Historic Significance

Architectural description:

Barn I: 

This is a 1 ½-story 3-bay gable-roofed bank barn structure with its ridge-line oriented north-south. The main entry is a pair of tall sliding doors in the west eave-side. An earthen ramp slopes up to meet the main level on this side. The south gable-end has a half-level of exposed concrete block masonry foundation. A pass-through door with an eight-pane light in its upper half is located at the left (west) corner extending from grade up into the main level. To its right are two six-pane stable windows. It appears that the floor level in the south bay is higher than the main level at the center bay. A hay door is located above the windows, and there is a square attic window at the peak. The grade slopes down slightly, exposing the basement level at the east eave-side. The south bay has concrete masonry foundation wall exposed, while the center and north bays are open, with a post support between the bays. The main level above is blank. An unmortared fieldstone wall aligns with the north wall, it appears to act as a retaining wall so that the north gable-end has only a few courses of foundation wall visible. The upper wall is blank. Siding is asphalt simulated shingle siding in a gray-green color. Roofing is asphalt shingles. The doors and trim are painted white.

Barn II: 

This is a 2 ½-story gable-roofed structure with its ridge-line oriented east-west. The west gable-end is located close to the street line and the ground floor is depressed slightly below grade. Grade slopes down toward the east, with the east gable-end fully exposed for a grade-level entry. The lower half of the ground floor walls consists of concrete or concrete block masonry, painted white. Above is a row of stable windows consisting of pairs of one-over-one wood double hung sash. The west gable-end has a group of four windows flanked on each side by a pair. Above is a sliding hay door and in the attic peak is pair of windows. The north eave-side has, from the left (east) nine pairs of windows, a small shed connecting a wooden stave silo on a concrete foundation, four more pairs of windows, and a plank pass-through door, probably connecting to a former silo. There are three hay doors in the upper level, two to the east and one west of the silo. The east gable-end has an overhead garage door flanked on each side by a pair of the typical windows. A pair of small windows is in the attic peak. The south eave-side has an attached milk-house ell extending southward from the west corner, and to the right (east) there are three pairs of windows, a sliding door, and seven pairs of windows.

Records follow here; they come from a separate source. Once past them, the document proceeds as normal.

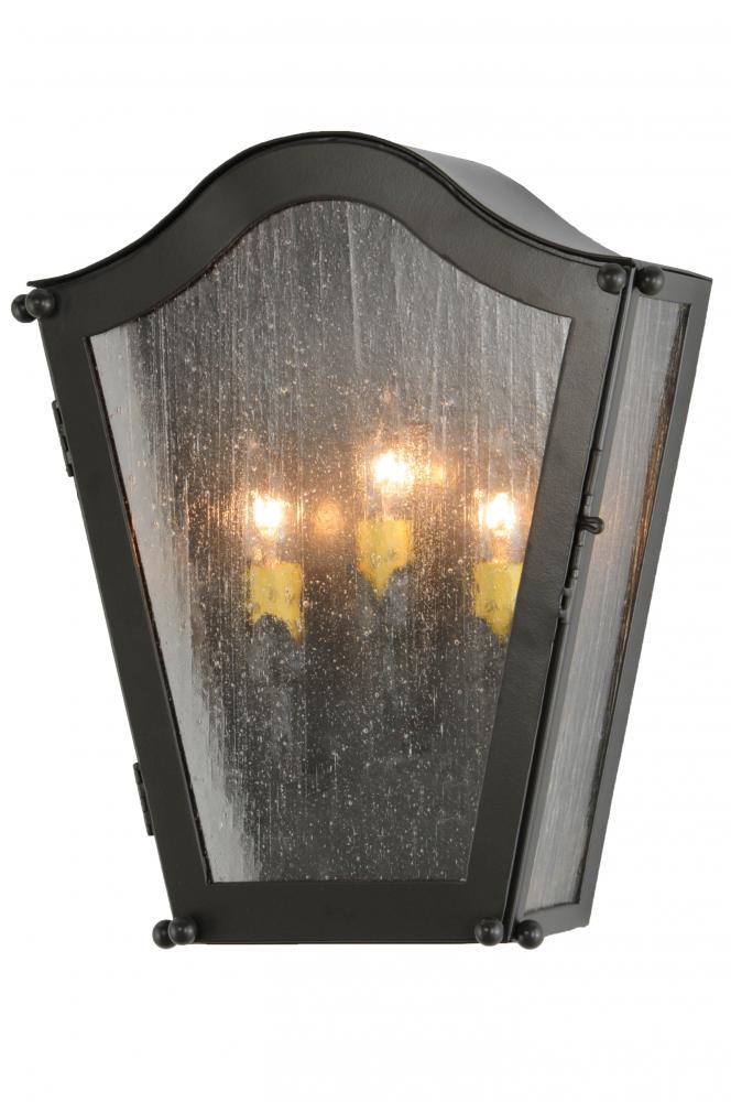 A lovely curvaceous lantern wall sconce, Austin features Clear Seeded Glass that reveals three handpainted Acanthus leaf accented candle covers with Customer-supplied candelabra lamps. The graceful frame and hardware are offered in a stunning Timeless Bronze finish. Handcrafted by highly skilled artisans in our manufacturing facility in Yorkville, NY, this wall sconce is available in custom shapes, designs, colors and sizes. Dimmable energy efficient lamping options such as LED are offered. The 14-inch tall fixture is UL and cUL listed for dry, damp and wet locations.
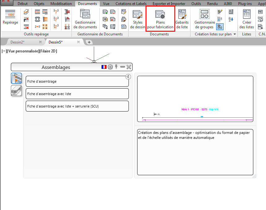 Vous pouvez également accéder aux plans de fabrication à l'aide de la palette Plans pour fabrication dans l'onglet Documents
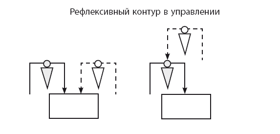 Для построения логичной системы самоуправления нам был полезен рефлексивный контур «анализ – моделирование – регулирование», известный из кибернетики и описывающий любые процессы управления. Сейчас мы немного усложним схему и рассмотрим взаимодействие двух рефлексивных контуров – руководителя и подчиненного.
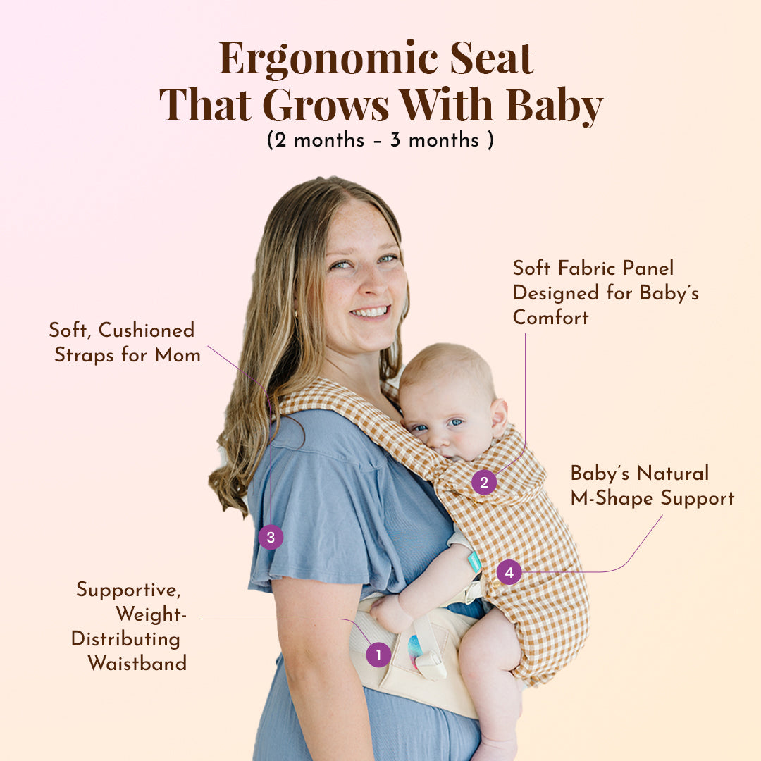 Created with pediatric physical therapists and babywearing experts to ensure superior support for parents and healthy, ergonomic positioning for babies.
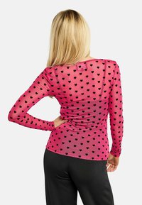 Jeune femme aux longs cheveux blonds portant un haut à manches longues rose à motifs de cœurs noirs, souriante et regardant pensivement vers le haut.
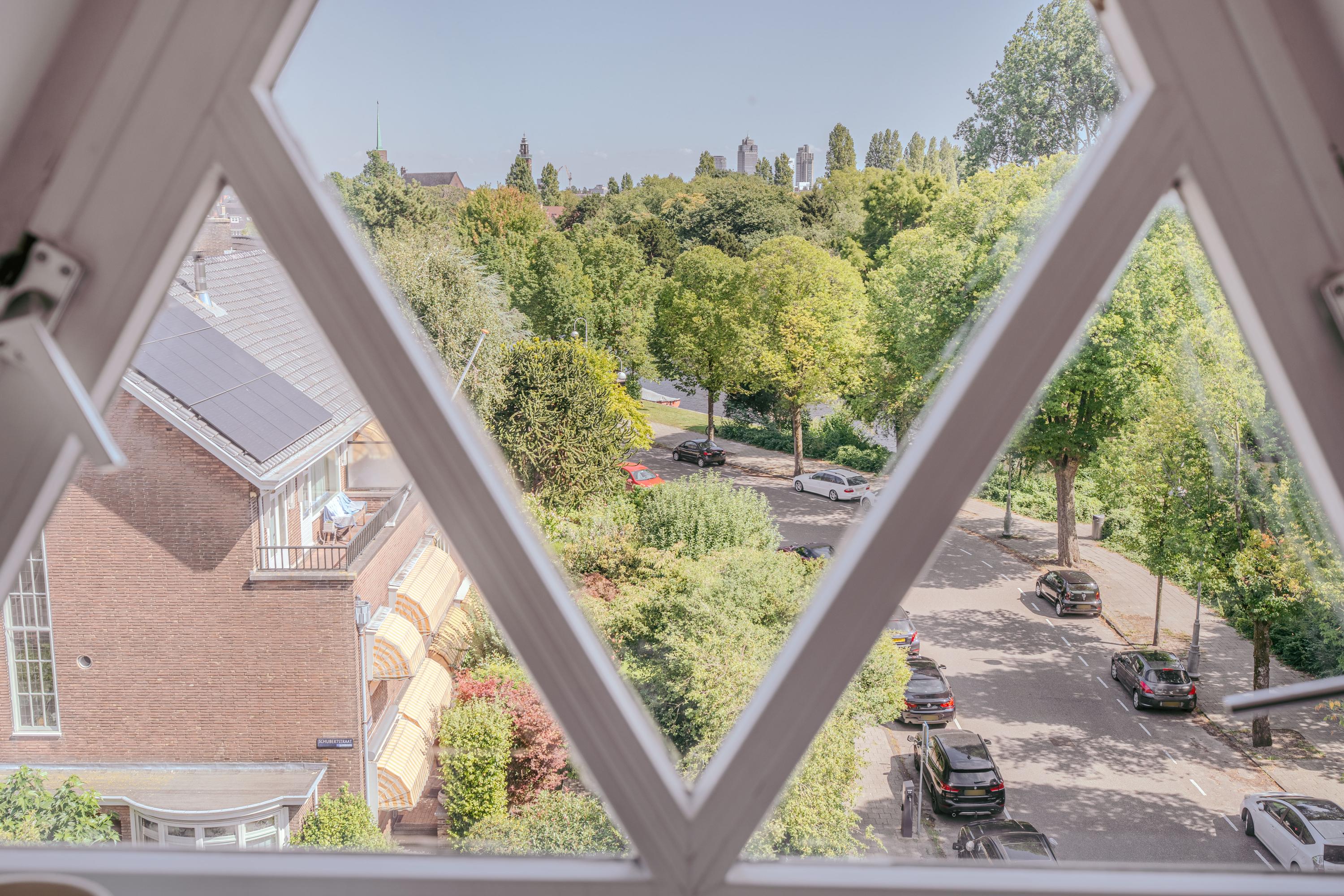 Middels de gemeenschappelijke entree bereikt u de voordeur van het appartement op de derde verdieping. Vanuit de royale hal loopt u direct door naar de centraal gelegen open keuken. Deze is uitgerust met een inductiekookplaat, afzuigkap spoelbak, Quooker, is voorzien van meer dan genoeg bergruimte en beschikt over een gezellige bar welke daarmee het hart vormt van de leefverdieping. Aansluitend de riante woonkamer, een sfeervolle ruimte met grote raampartijen en een karakteristieke erker, waardoor er veel daglicht binnenvalt en u een prachtig uitzicht geniet over het water en het Beatrixpark. Twee schouwen geven de ruimte extra allure, terwijl de handige inbouwkasten zorgen voor praktische bergruimte. De originele glas-in-lood details in de deuren benadrukken de authentieke charme van het appartement. Aan de voor en achterzijde bevinden zich twee ruime slaapkamers, waarvan één uitstekend dienst kan doen als masterbedroom en de andere als logeer- of werkkamer. De badkamer is functioneel ingericht met een ligbad, douche en dubbele wastafel. In de hal is een separaat toilet aanwezig.
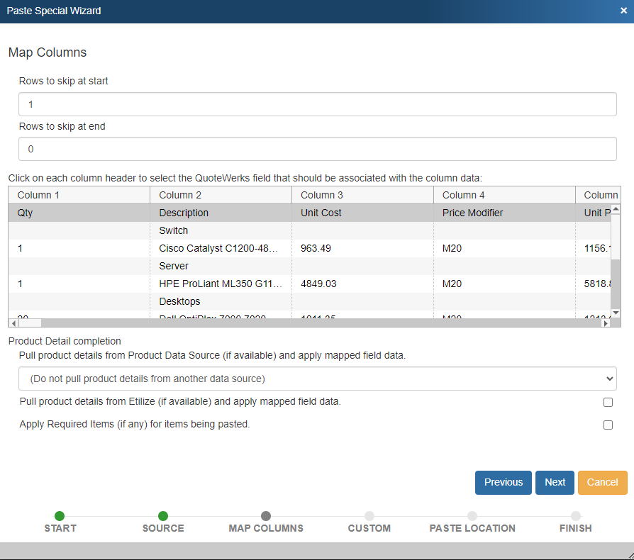 Step 3 (Map Columns): Here you have the option to specify the range of rows that you want to import from this data, map the fields from your file to fields in QuoteWerks, and determine how/if you would like to pull in product details from another data source.
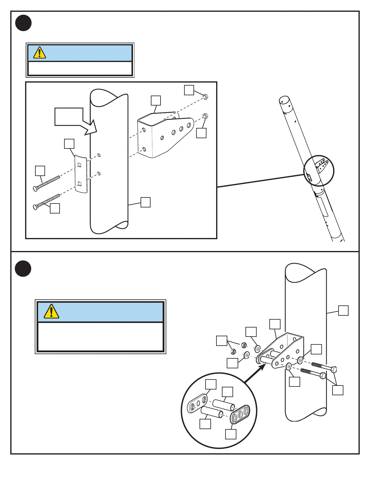 carruaje (16) al poste superior (4) como se muestra. Apriete las tuercas bridadas (14) por
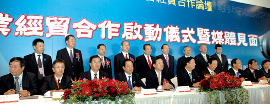 桂台經貿合作論壇首度移師台北舉辦,開幕當天雙方代表簽署8項合作備忘錄,深化交流。已連續四屆在廣西舉辦的「桂台經貿合作論壇」首次移師台北,此次由廣西壯族自治區主席馬率領廣西各有關部門及所有地級市主要官員出席,將近1,500人的龐大陣容,首先引起關注,並且計畫來台採購產品總金額約1.7億美元,更受到高度重視。在5月22日開幕當天,廣西經貿文化代表團與工業總會等7個工商協會簽署桂台工業、農業、經貿、沿海合作發展、旅遊、文化、中醫藥等領域的8項交流合作備忘錄。其中,旅遊領域由廣西壯族自治區旅遊局局長陳建軍與台北市旅行商業同業公會理事長許禓哲共同簽署。
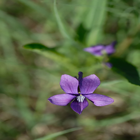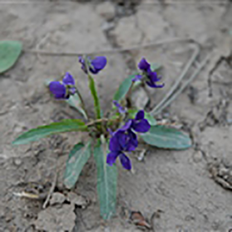 花紫堇色或淡紫色,稀白色或侧方花瓣粉红色,喉部有紫色条纹;花梗与叶等长或高于叶,中部有2线形小苞片;萼片卵状披针形或披针形,长5-7毫米,基部附属物短;花瓣倒卵形或长圆状倒卵形,侧瓣长1-1.2厘米,内面无毛或有须毛,下瓣连管状距长1.3-2厘米,有紫色脉纹;距细管状,末端不向上弯;柱头三角形,两侧及后方具微隆起的缘边,顶部略平,前方具短喙;

The 1 ½-story milk-house ell has concrete block masonry walls the full height of the ground floor. It has typically four-pane metal sash windows. On the east eave-side there are five windows, on the south gable-end a window at the center is flanked by sliding doors, each with six-pane glazing in the upper part over panels. There is a sliding hay door above in the gable, and a six-pane attic window near the peak. The west eave-side has from the left (north) a four-pane window, a sliding door similar to the south, and two windows.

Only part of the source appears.